Nyctalopia begins in the first and second decades of age (usually of mild and slowly progressive nature) and possible restriction of peripheral field vision. Visual acuity is usually preserved in the early stages but may decrease primarily from foveal involvement or secondarily from cystoid macular edema or cataracts. Blindness usually occurs in most untreated patients in the fifth decade of life.

41.1.2 Exam Findings

The fundus shows peripheral small, geographic, sharply demarcated enlarging and merging scalloped areas of atrophy of the RPE and choriocapillaris during the earlier and intermediate stages and a tendency for pigment clumping to occur at the margins of such lesions. Occasional patients have peripapillary atrophic lesions that progress in size in a similar way that progressive lesions do. Atrophy begins in midperipheral and peripheral areas, in a garland-shaped fashion, and then coalesces and progresses centrally and peripherally. In advanced stages, the disease involves the entire fundus, with relative sparing of the macula. The optic disc and retinal arterioles usually are normal until the late stages of the disease (▶ Fig. 41.1). Posterior vitreous detachment, epiretinal membranes, macular hole, choroidal neovascularization (CNV), and cystoid macular edema have been observed. Moderate to severe myopia is found in most patients. Posterior subcapsular cataracts generally appear in the second decade of life. Extraocular manifestations have rarely been associated with GA. The most common are electromyographic abnormalities, although very few patients complain of slight muscle weakness. Electroencephalograms or electrocardiograms also may be abnormal in some patients.
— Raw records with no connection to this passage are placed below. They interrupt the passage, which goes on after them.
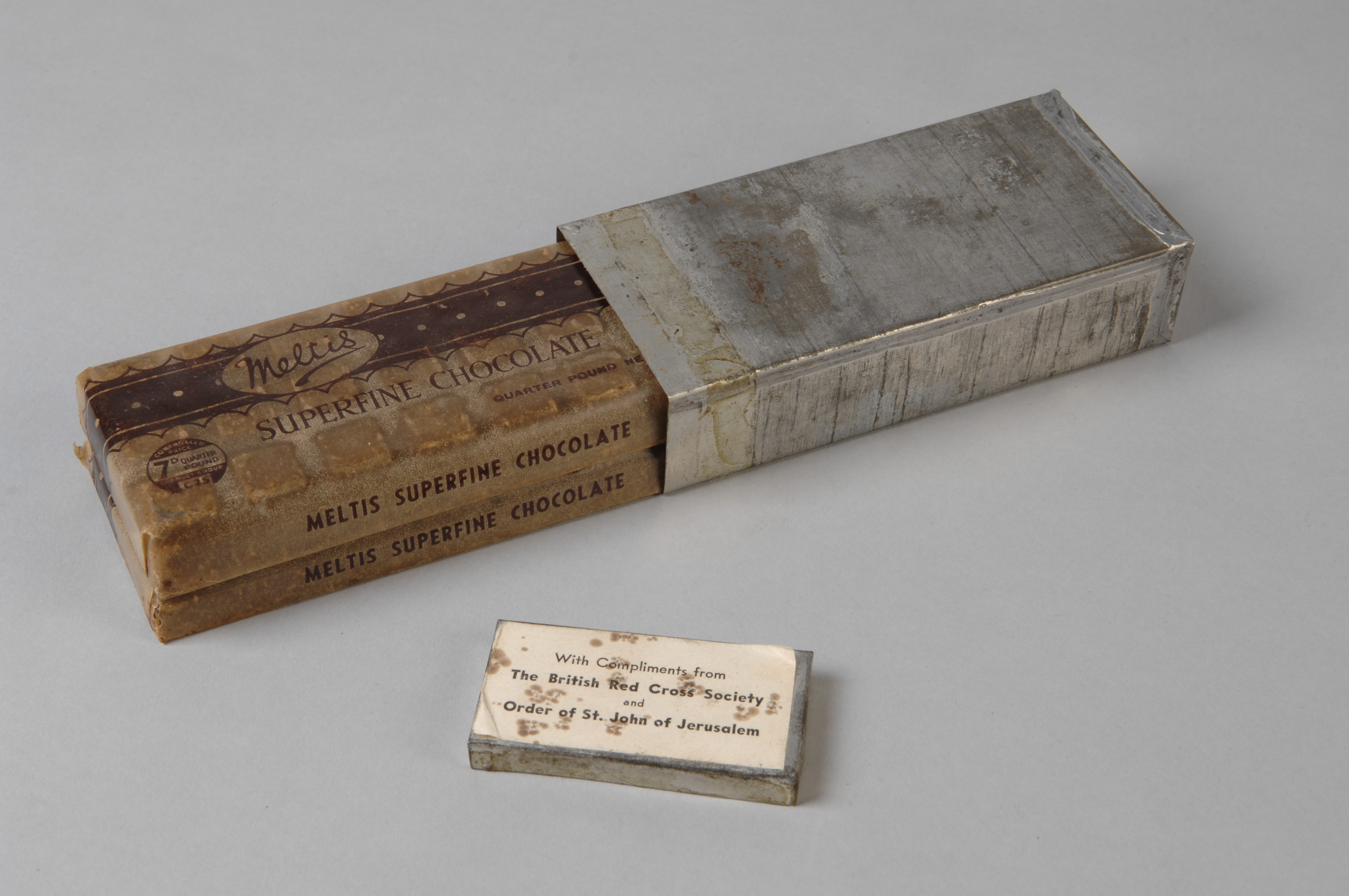 Stukje witte zeep, uit linnen zakje Rode Kruis met welkomstpakketje repatrianten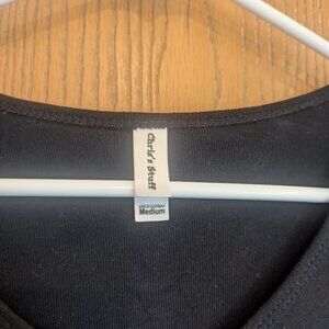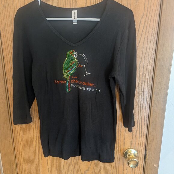 3/4 Sleeve V-Neck Black T-Shirt with Beaded/Sequin Graphic-Parrot- Medium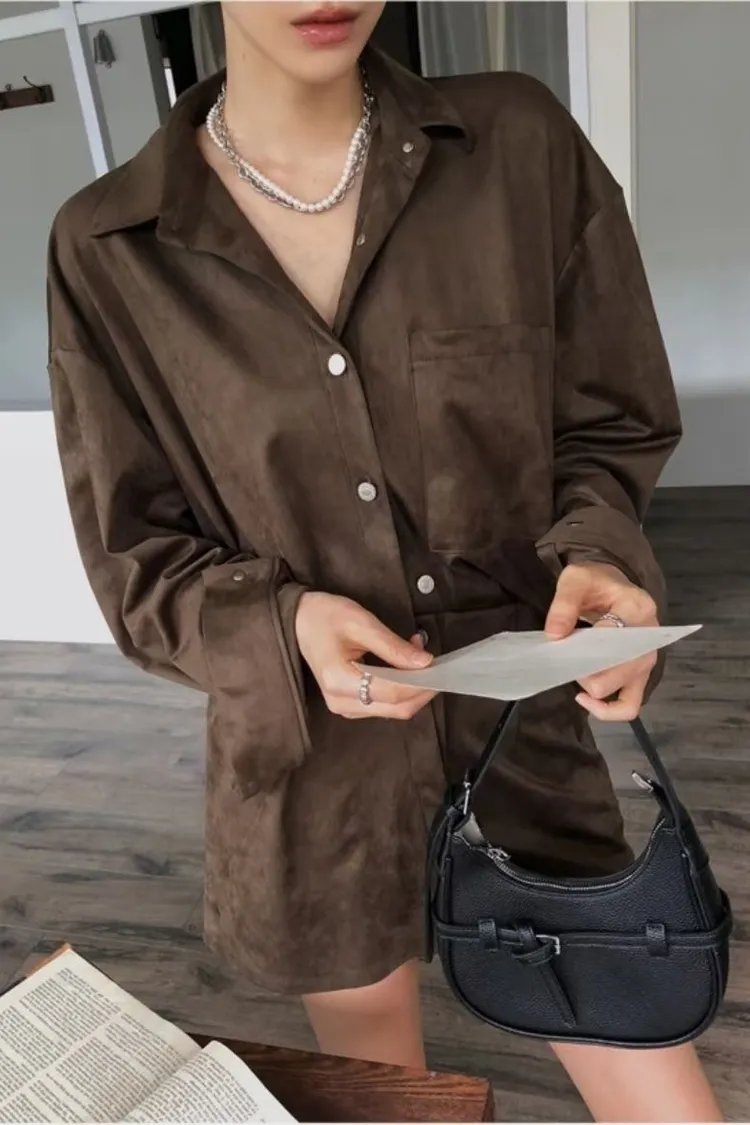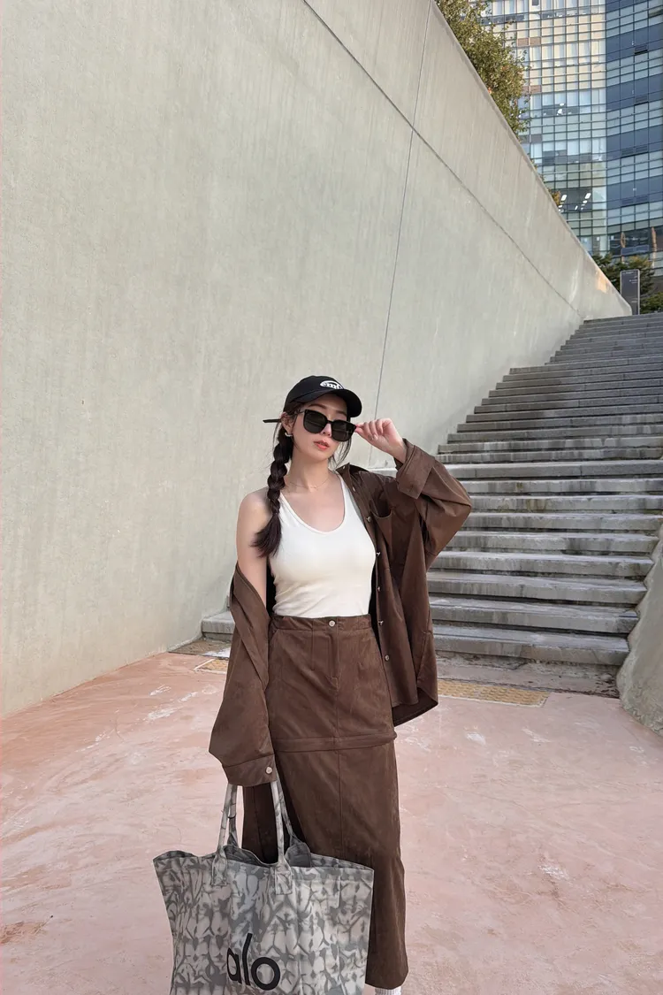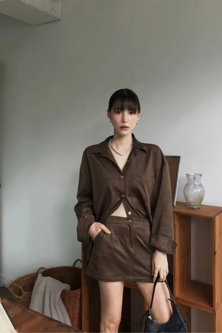 ♥︎ 11月韓國連線 ♥︎ 絨面襯衫3-way 套裝(長裙+短裙)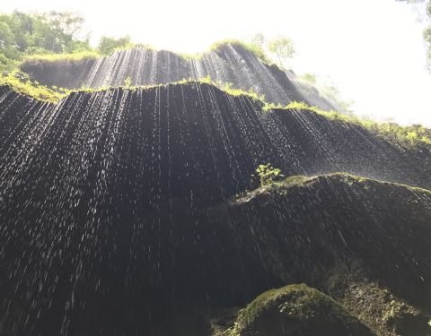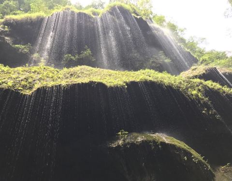 最后一天回到宜昌,安排相对轻松,去了附近的三峡大瀑布。瀑布处在深山中,山外有河流。水很浅,刚可没踝,深处大约六七米,水质清澈没有一丝涟漪,颜色黄绿,像猫的眼睛,大概水中有不少单细胞藻类,有小鱼在里面游动。我们靠近河边,惊起两只白鹭。
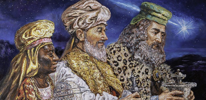 Los Magos de Oriente, guiados por la estrella, entraron en la casa; vieron al niño con María su madre y, postrándose, le adoraron; abrieron luego sus cofres y le ofrecieron dones de oro, incienso y mirra.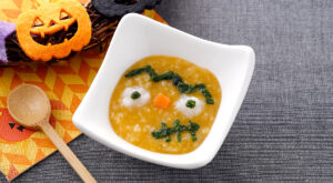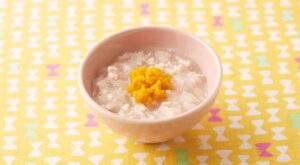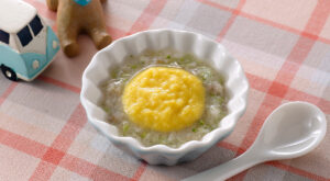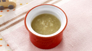- 鍋にうらごしにんじん、とりささみ、イブシギンのだし、水を入れて弱火にかけてふつふつしてきたら、とろみちゃんを加える。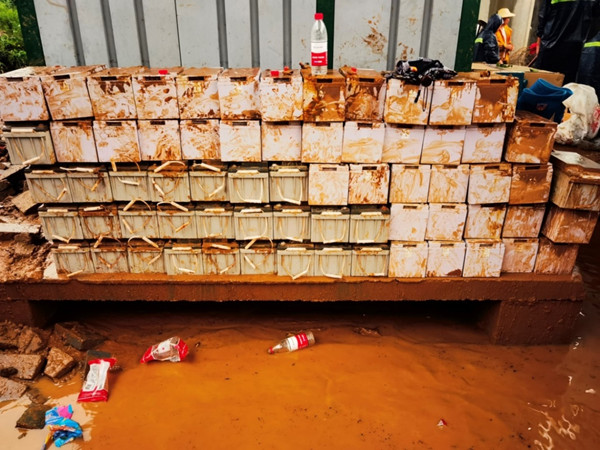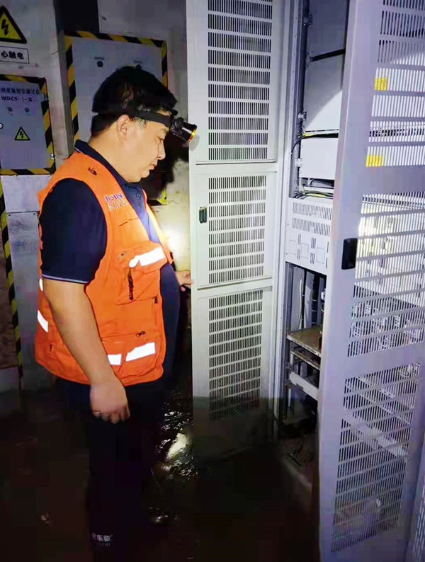 如何進(jìn)入機(jī)房?是否存在漏電?設(shè)備受損情況如何?一系列的問題困擾著所有參與救援的人員,而另一方面,由于高鐵列車晚點停運造成大量旅客積壓,形勢非常緊迫,刻不容緩。最終,在鐵路主管部門組織和領(lǐng)導(dǎo)下,在盡可能保證人員安全的前提下,只能邊排水邊搶修。搶修人員淌著洪水進(jìn)入機(jī)房對設(shè)備去污、烘干,對于不能繼續(xù)使用的模塊,板件進(jìn)行更換。經(jīng)過兩天一夜不間斷奮戰(zhàn),于7月21日晚上信號電源屏成功送電保證信號設(shè)備的正常運行,23日完成了配套UPS以及蓄電池的安裝。最終經(jīng)過四天三夜的奮戰(zhàn),完全恢復(fù)了信號系統(tǒng)穩(wěn)定供電。售后兩位同事全程基本沒有休息,僅用隨身攜帶的面包礦泉水充饑,困乏到極致就用一些設(shè)備包裝材料鋪在泥濘潮濕的地上臨時休息一下,克服了重重困難完成了搶修任務(wù)。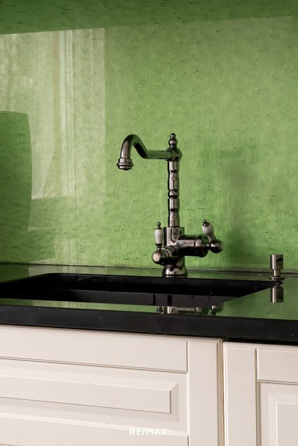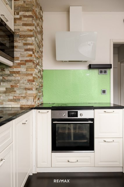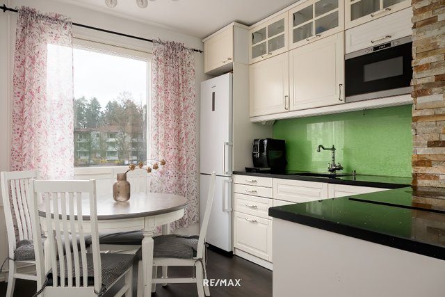 - Keittiössä on kivitaso, ja välitila on viimeistelty lasilla sekä verhoilukivellä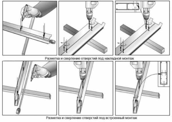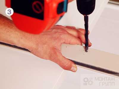 Маркером, рулетки на направляющих шинах намечают отверстия. Чтобы наметить отверстия, направляющие кладут на ровную поверхность. Отверстия намечают в десять или пятнадцать сантиметров от обрезов, направляющих и по всей длине с одинаковым расстоянием в сорок или пятьдесят сантиметров.- Для накладного монтажа отверстия передвигают ближе к внешнему краю краю направляющих. Далее сверлят отверстия диаметром восемь миллиметров.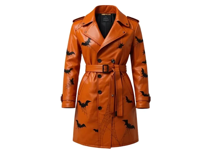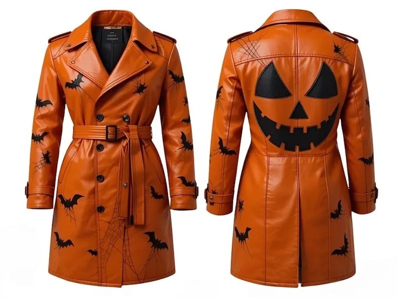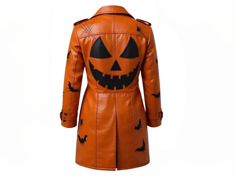 Halloween Pumpkin Leather Trench Coat Unisex Cosplay Overcoat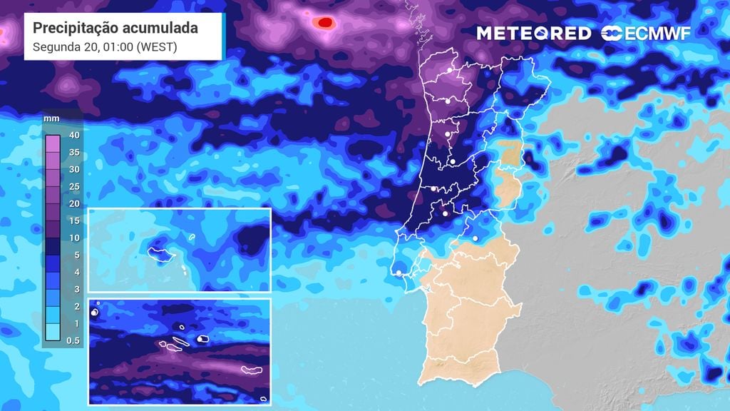 O elemento determinante é a alteração do regime de grande escala. O anticiclone recua e permite que as depressões atlânticas circulem em latitudes mais baixas, abrindo a porta a vários impulsos frontais ao longo da próxima semana. Os modelos de referência, como o usado pela nossa equipa da Meteored, isto é, o ECMWF, sugerem uma sucessão de perturbações capazes de garantir precipitação especialmente no Norte e Centro, intercalada com abertas devido ainda à influência residual de altas pressões. Em termos térmicos, o cenário mantém-se anómalo para a época. Mesmo com chuva, persistem máximas e mínimas relativamente elevadas para outubro.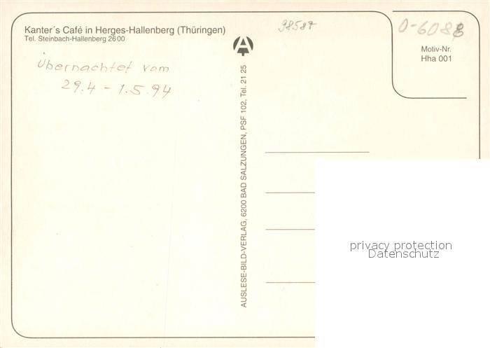 73648719 Herges Hallenberg Steinbach Hallenberg Kanters Cafe Gaststube Bar postalisch nicht gelaufen Erhaltung siehe scans [WerneD78] KatCode: 11110016066063
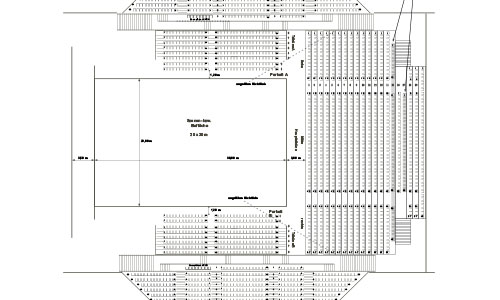 Reihenbestuhlung: Haupttribüne mit Bühnentiefe von 9,00m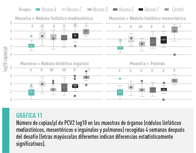 Casi todas las vacunas lograron reducir significativamente la carga de PCV2d en tejidos en relación con el grupo control, pero la vacuna A mostró las cargas más bajas.

41.2 Key Diagnostic Tests and Findings

41.2.1 Optical Coherence Tomography

A fundamental tool to detect macular defects that are difficult to define with ophthalmoscopy. Hyporeflective cystic spaces secondary to macular edema (▶ Fig. 41.2), macular hole, epiretinal membrane, or vitreomacular traction have been described. Hyperreflective deposits could be seen in inner retinal layers, suggesting the gliotic response to ongoing cell death. Interestingly, in older GA patients, outer retinal tubulation corresponding to the arrangement of degenerating photoreceptor cells may be present.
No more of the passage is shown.